Hal yang menarik perhatian kita dalam kisah ini adalah Tuhan Yesus baik dan sungguh baik. Ia berjalan dalam lorong-lorong kehidupan manusia, menemukan orang yang tepat dan memanggilnya untuk menjadi mitra kerja. Tuhan Yesuslah yang melakukan pendekatan pertama dengan para pendosa. Yesus menghancurkan dosa tetapi sangat mengasihi kaum pendosa. Ia membaharui segalanya karena orang berdosa bersahabat denganNya dan mereka sungguh-sungguh berubah. Di pihak Lewi, perjumpaan dengan Yesus mengubah segala sesuatu. Ia meninggalkan hidup lama sebagai pemungut cukai dan memiliki hidup baru sebagai penjala manusia. Lewi tidak berpuas diri dan tetap menikmati dosa. Ia membuka dirinya kepada Yesus dan berbalik hanya kepada Yesus. Dialah Matius yang menulis Injil untuk kaum Yahudi.
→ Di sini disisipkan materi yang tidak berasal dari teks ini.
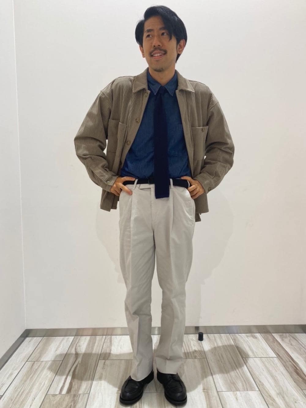 【身長172cm】秋冬素材のCPOをメインにデニムシャツにタックパンツでカジュアルでありながら、少しフォーマル感のある秋の装いを意識しました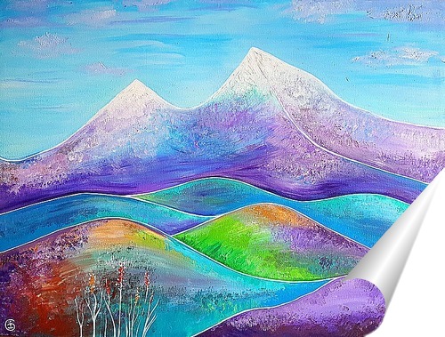 Описание плаката Авторская картина "Горы" выполнена яркими жизнеутверждающими красками, будет прекрасным украшением вашего интерьера, детской комнаты или подарком для любимого человека.

Apa yang harus kita lakukan untuk tetap merasakan kebaikan Tuhan di dalam hidup ini? Nabi Yesaya memberikan kiat-kiat tertentu supaya tetap merasakan kehadiranNya:

Pertama, berani hidup sebagai sesama manusia. Yesus mengasihi kita apa adanya maka kita pun harus mengasihi sesama apa adanya. Nabi Yesaya menasihati kita supaya bisa tidak lagi mengenakan kuk kepada sesamamu,  tidak lagi menunjuk-nunjuk orang dengan jari dan memfitnah.

Kedua, Pelayanan belas kasih. Misalnya berempati dengan orang yang lapar dan haus, memuaskan hati orang yang tertindas. Perbuatan amal kasih ini laksana lampu yang menerangi sesama dalam kegelapan. Tuhan Yesus berkata: “Hendaklah terangmu bercahaya di depan orang, supaya mereka melihat perbutanmu yang baik dan memuliakan Bapa di Surga.” (Mat 5:16).

Ketiga, Tuhan adalah pembimbing sejati. Dia adalah Imanuel,  Allah beserta kita. Dialah yang menjadi penuntun setia kita semua, memuaskan kita di kala ada rasa lapar dan dahaga yang besar.

Pada hari ini mari kita mengulangi doa ini: “Tunjukanlah kepadaku jalanMu, ya Tuhan, supaya aku hidup menurut KebenaranMu.”